All contracts OKed for Miller-Driscoll project
Wilton’s selectmen, at their meeting on Dec. 7, authorized First Selectman Lynne Vanderslice to sign and execute, on behalf of the town, the remaining nine trade contracts for the Miller-Driscoll School project. All 22 packages for the renovation have now been approved.
Selectman Dick Dubow motioned the authorization. He was seconded by David Clune, and the resolution passed with the selectmen voting all-in-favor.
Fighting public pushback and further delayed by its own dissenting voting members, it took the board two contentious regular meetings and an equally contentious special session to get signed the first 13 contracts, which were earmarked “critical” and unanimously recommended by the Miller-Driscoll Building Committee.

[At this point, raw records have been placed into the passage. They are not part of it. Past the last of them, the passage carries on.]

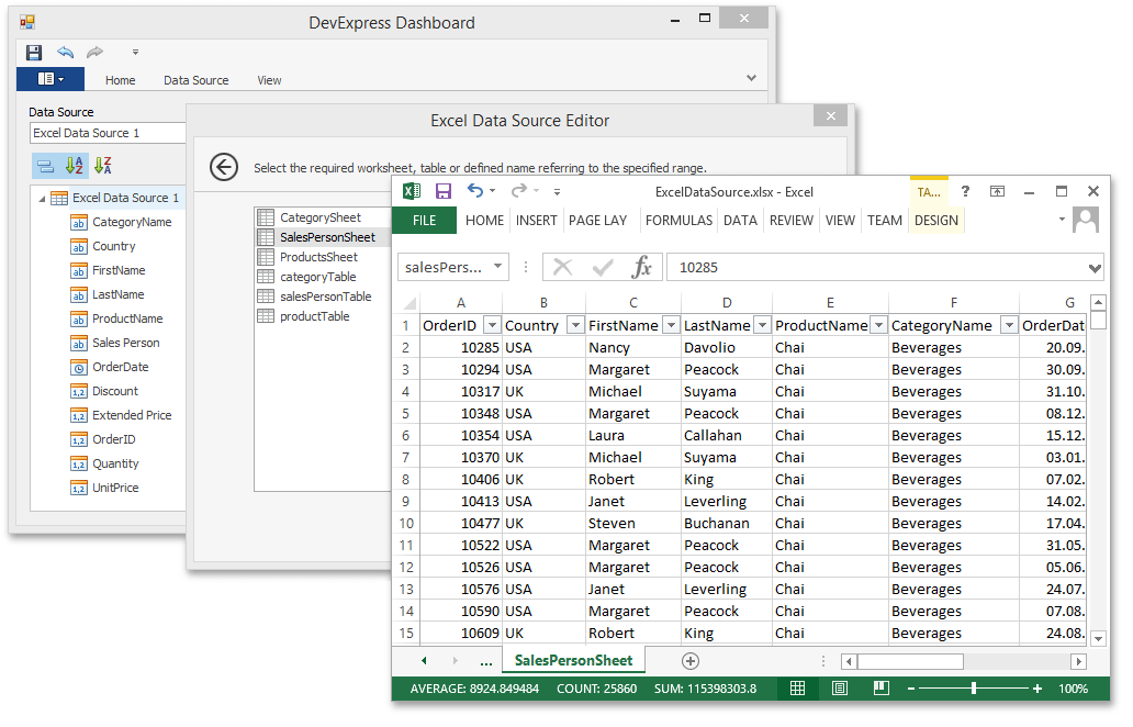 With this release, you can use our new WinForms ExcelDataSource component to bind DevExpress WinForms data-aware controls to Microsoft Excel workbooks and CSV files (a worksheet, table or named region).
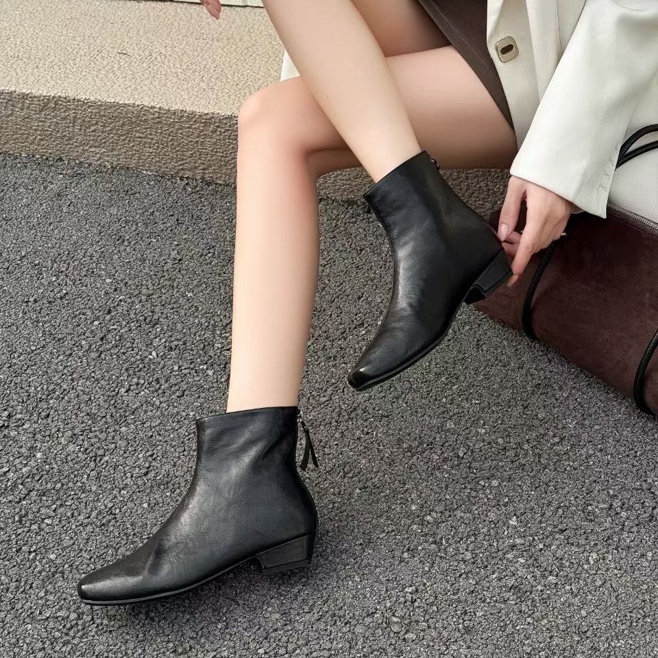 依佳依2025新款 方頭顯瘦女靴子 粗跟短靴女低跟英倫風馬丁靴女時尚由
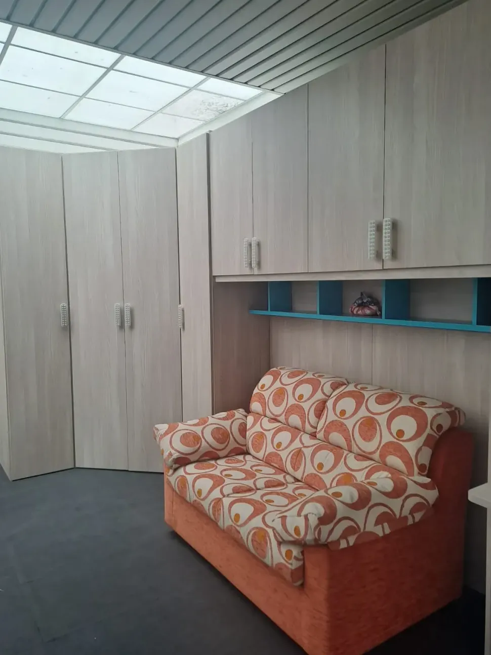 Composizione a ponte con aggiunta di mobile angolocabina spogliatoio e scrittoio.
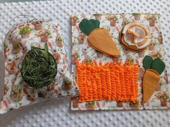 set pro králíčka nebo morčátko,kobereček na pamlsky,které se do něj schovají a králíček hledá... 30cm,seník 20cm na uvázání na klec
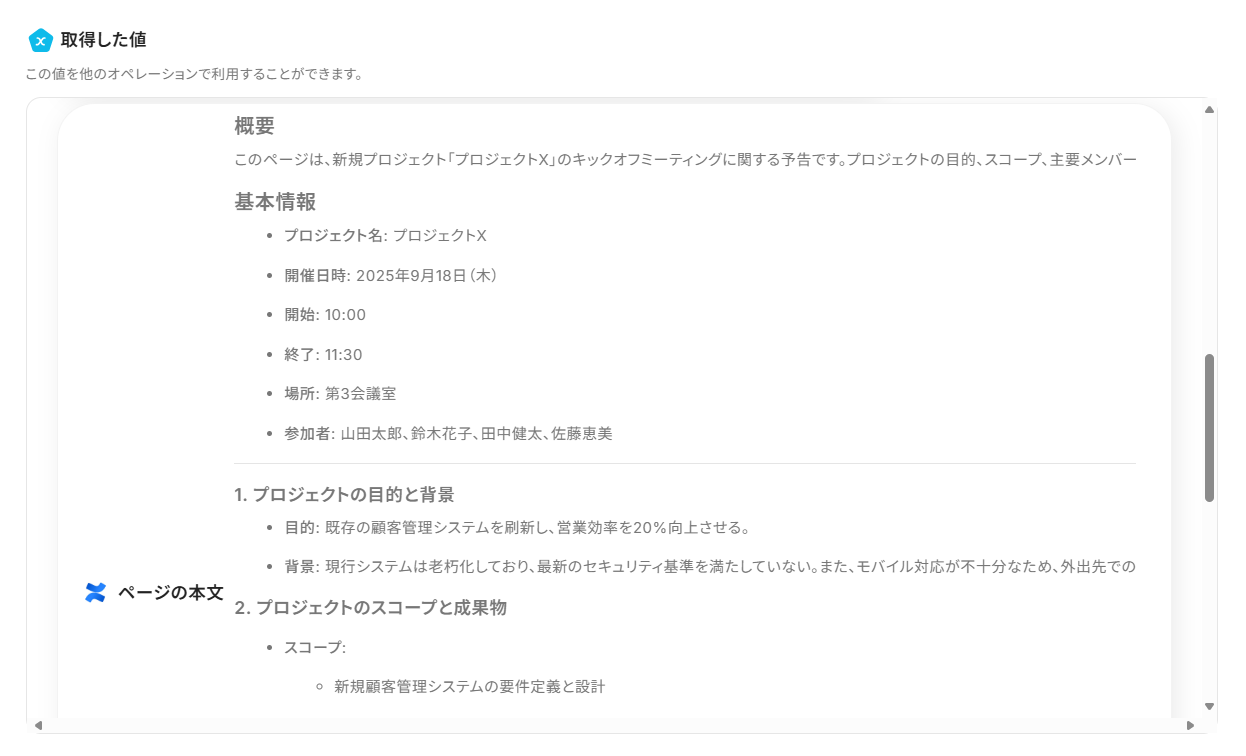 Confluenceで作成された長文のページ内容をAIが自動で要約し、その要約文をGoogleカレンダーの予定の説明欄に記載することができます。
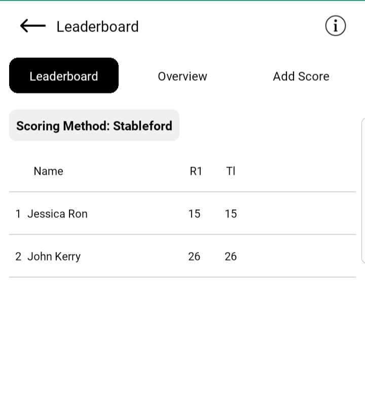 - Selecting a round updates the leaderboard to show scores specific to that round.
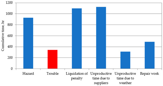 The main causes of unproductive drilling time at one specific field are shown in Figure 3. The greatest losses of time were due to rig downtime in waiting for contractors and equipment. Then, there is unproductive time due to the liquidation of penalties (unscheduled work, redrilling due to the fault of the contractor, etc.). In this project, we are interested in the trouble (DPs) that arises during the drilling process. This includes kicks, loss of circulation, and borehole instability.
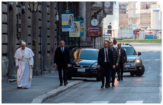 In fact, the “extraordinary ritual” was the second act of the narration. The first (on 15 March) was the silent and lonely pilgrimage to the crucifix in Saint Marcello al Corso, which is believed to have already rescued Rome from a pandemic, in a deserted and silent city of Rome. That same crucifix—a powerful and silent presence—would be placed in Saint Peter’s Square on 27 March (see Figure 7).
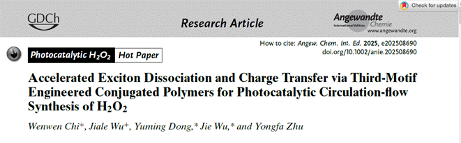 近期,我校betway中国西汉姆联官网董玉明/朱永法团队在光催化制备双氧水方面取得重要进展,研究成果“Accelerated Exciton Dissociation and Charge Transfer via Third-Motif Engineered Conjugated Polymers for Photocatalytic Circulation-flow Synthesis of H2O2”在线发表于Angew. Chem. Int. Ed.,研究成果“Customizing Oxygen Reduction Reaction Pathways for High-Efficiency H2O2Photosynthesis by Anionic Intermediate-Generating Polymer Photocatalysts”在线发表于Adv. Funct. Mater.。

Though power delegation is a right guaranteed to the Board of Selectmen by the Wilton Town Charter, members of the public attended the aforementioned meetings in droves to demand that the selectmen not “abnegate” their powers, out of what many termed a “fiduciary responsibility to constituents.”
Many used the opportunity to address other perceived issues that ranged from the failure of democracy down to specifics of the project plan and contracts.
At the Dec. 7 meeting, Turner Construction’s senior project manager for the Miller-Driscoll renovation, Michael Douyard, went through each of the nine contracts and explained why the winning bids were awarded and why the work scopes for each contract were important to the overall project.
These were for millwork, doors, frames and hardware, acoustic ceilings, ceramic tile, vinyl composition tile, carpet and resinous flooring, wood flooring, painting and wall coverings, kitchen equipment, and landscaping.
While the above nine contracts were sidelined until Dec. 7 as less critical than the 13 first approved, Douyard explained that most of them were nevertheless urgent due to the “need to get the submittal process initiated to coordinate with other trades.”
Agent vs. manager at risk
For that reason, Vanderslice asked Wilton’s director of facilities and energy management, Chris Burney, to attend the Dec. 7 Board of Selectmen meeting and prompted him to further explain the difference between a construction manager agent — like Turner — and a construction manager at risk.
“The traditional method of construction management, which is what we’re using, is we hire the construction manager who is our agent for the entire project. They have our best interest in heart; they only represent us,” Burney said.
“They are on a fixed fee, so if the project value goes up, and they somehow caused it to increase, they don’t get any more money. So they have no vested interest in creating work; their vested interest is in making this the best project possible so that they get rehired.
“A construction manager at risk, [however], the construction manager will assume the risk of building the project. So at that point, his allegiance changes from the client, the town, to himself … his interest is in saving himself money and making a profit.”
If Wilton had hired a construction manager at risk for the Miller- Driscoll School project, the town would have never seen the $5 million in savings it’s beginning to see now thanks to a favorable bidding process. Those funds would have been kept by the manager, as the manager would hold all the vendor contracts.
Vanderslice explained that, in response to the the public’s worries, she has asked Burney to increase his involvement with the Miller- Driscoll School project.
“Taxpayers and parents wanted to have somebody who’s on the payroll [involved]. … Chris is going to take a more active role in overseeing the project,” she said.
Several members of the public made comment at the Dec. 7 meeting, one of whom was Alex Ruskewich.
“There is definite evidence that the enrollments are dropping dramatically, not only for Miller-Driscoll but also for the entire school system,” Ruskewich said, citing an Oct. 19 report.
“The state of Connecticut is projecting, not just for Wilton, but for all of our DRG [district reference group] group — which is us, New Canaan, Darien — they’re projecting a decrease of 35% for all of these towns up until 2025. WIth all the contracts that have been signed, what’s gonna happen?”
“My question to the Board of Selectmen is, how are you going to justify the tax increases now, to pay for something that may or may not happen — most likely won’t — in 25 years?” he asked, referring to the renovated school being fully occupied in the future.
To his comment, Vanderslice replied that she’ll be asking the town’s education officials to attend a Board of Selectmen’s meeting, to professionally discuss enrollment projections, “maybe even for the next meeting.”